START MATERIAL PROVIDED

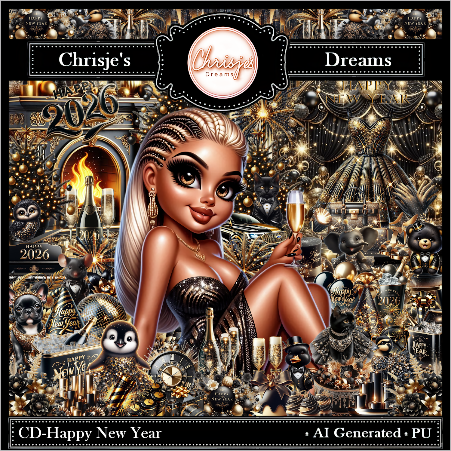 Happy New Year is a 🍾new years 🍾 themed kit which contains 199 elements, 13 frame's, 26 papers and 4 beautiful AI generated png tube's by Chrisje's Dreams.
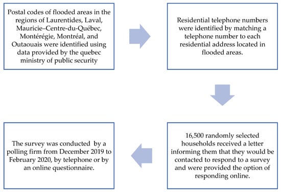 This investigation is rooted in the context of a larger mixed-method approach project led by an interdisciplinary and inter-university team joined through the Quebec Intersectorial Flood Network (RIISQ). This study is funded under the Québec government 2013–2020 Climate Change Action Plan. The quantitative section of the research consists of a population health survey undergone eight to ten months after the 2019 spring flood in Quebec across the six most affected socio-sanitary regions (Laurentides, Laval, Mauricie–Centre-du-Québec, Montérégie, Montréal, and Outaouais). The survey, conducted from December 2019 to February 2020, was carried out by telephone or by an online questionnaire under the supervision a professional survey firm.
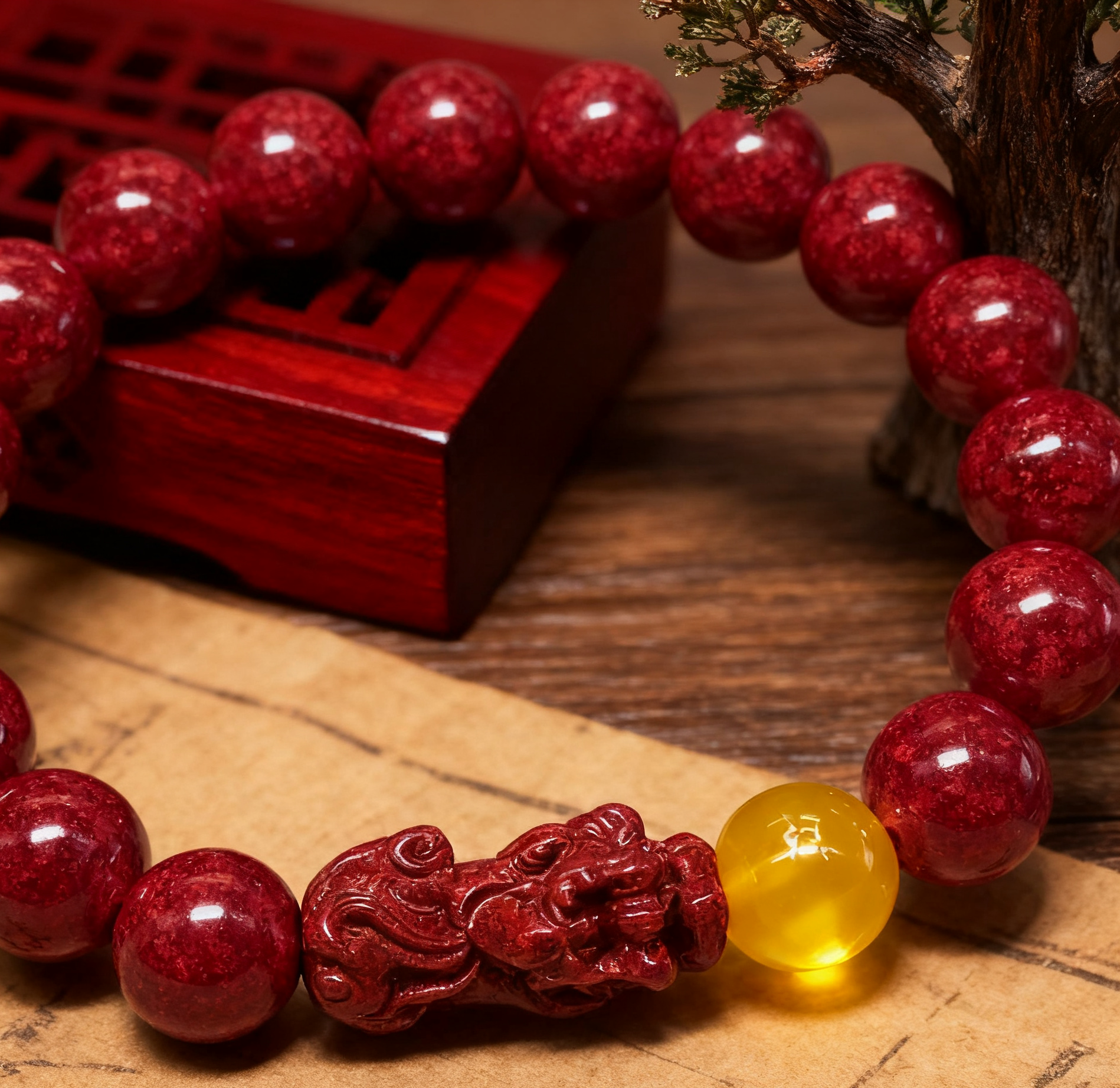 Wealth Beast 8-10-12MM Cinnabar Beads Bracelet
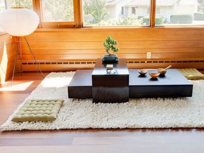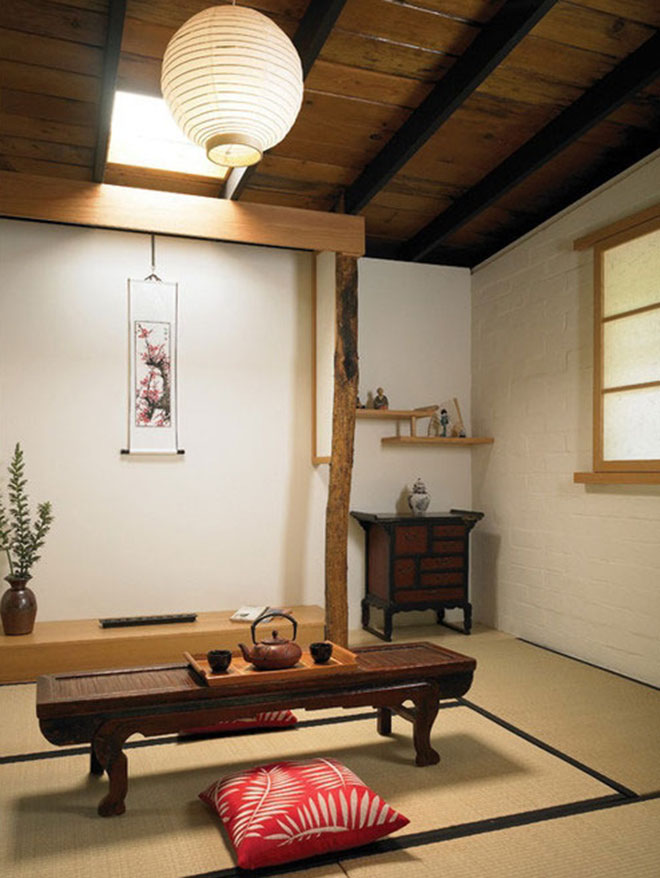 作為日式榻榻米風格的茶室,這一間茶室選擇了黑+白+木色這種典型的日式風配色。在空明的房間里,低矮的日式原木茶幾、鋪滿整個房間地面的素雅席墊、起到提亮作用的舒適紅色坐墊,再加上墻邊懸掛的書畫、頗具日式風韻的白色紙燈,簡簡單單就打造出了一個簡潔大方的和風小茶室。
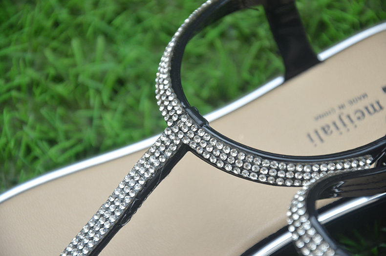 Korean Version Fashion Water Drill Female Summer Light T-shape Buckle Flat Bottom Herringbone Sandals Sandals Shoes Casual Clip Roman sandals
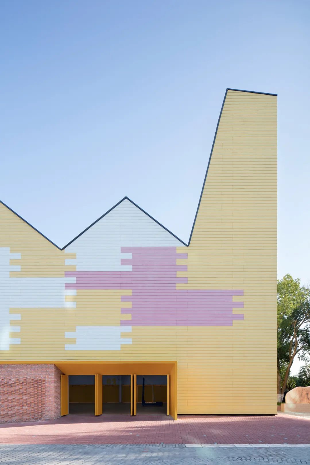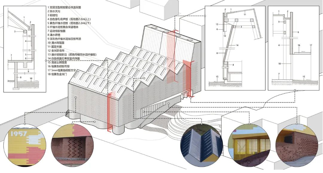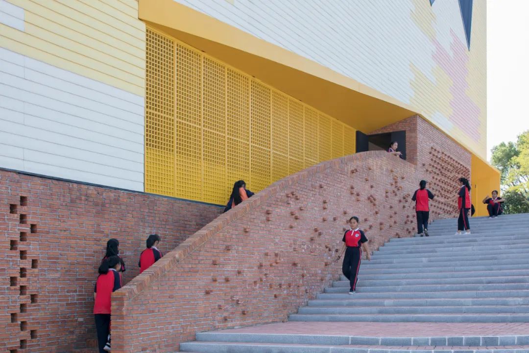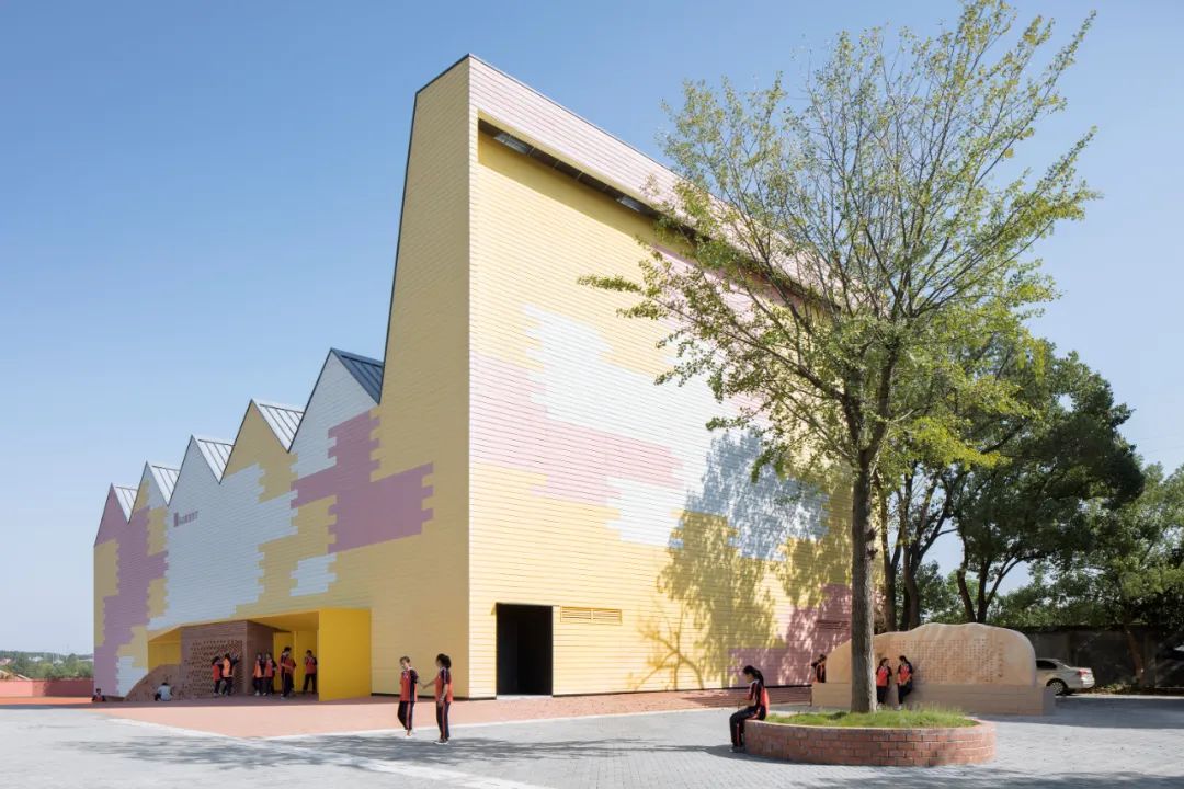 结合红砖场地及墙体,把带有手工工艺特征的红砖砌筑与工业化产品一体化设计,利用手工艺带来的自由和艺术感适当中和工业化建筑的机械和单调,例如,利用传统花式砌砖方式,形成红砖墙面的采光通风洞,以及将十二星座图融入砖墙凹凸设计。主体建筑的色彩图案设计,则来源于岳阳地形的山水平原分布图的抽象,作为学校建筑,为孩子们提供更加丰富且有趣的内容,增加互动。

END MATERIAL PROVIDED

§ PROBLEM TO WORK ON: Only the lines from the one containing "Korean Version Fashion" through the last line of the data above, both included, belong in the reply, each restated exactly and without pictures.

§ TASK RESULT:
 Korean Version Fashion Water Drill Female Summer Light T-shape Buckle Flat Bottom Herringbone Sandals Sandals Shoes Casual Clip Roman sandals
 结合红砖场地及墙体,把带有手工工艺特征的红砖砌筑与工业化产品一体化设计,利用手工艺带来的自由和艺术感适当中和工业化建筑的机械和单调,例如,利用传统花式砌砖方式,形成红砖墙面的采光通风洞,以及将十二星座图融入砖墙凹凸设计。主体建筑的色彩图案设计,则来源于岳阳地形的山水平原分布图的抽象,作为学校建筑,为孩子们提供更加丰富且有趣的内容,增加互动。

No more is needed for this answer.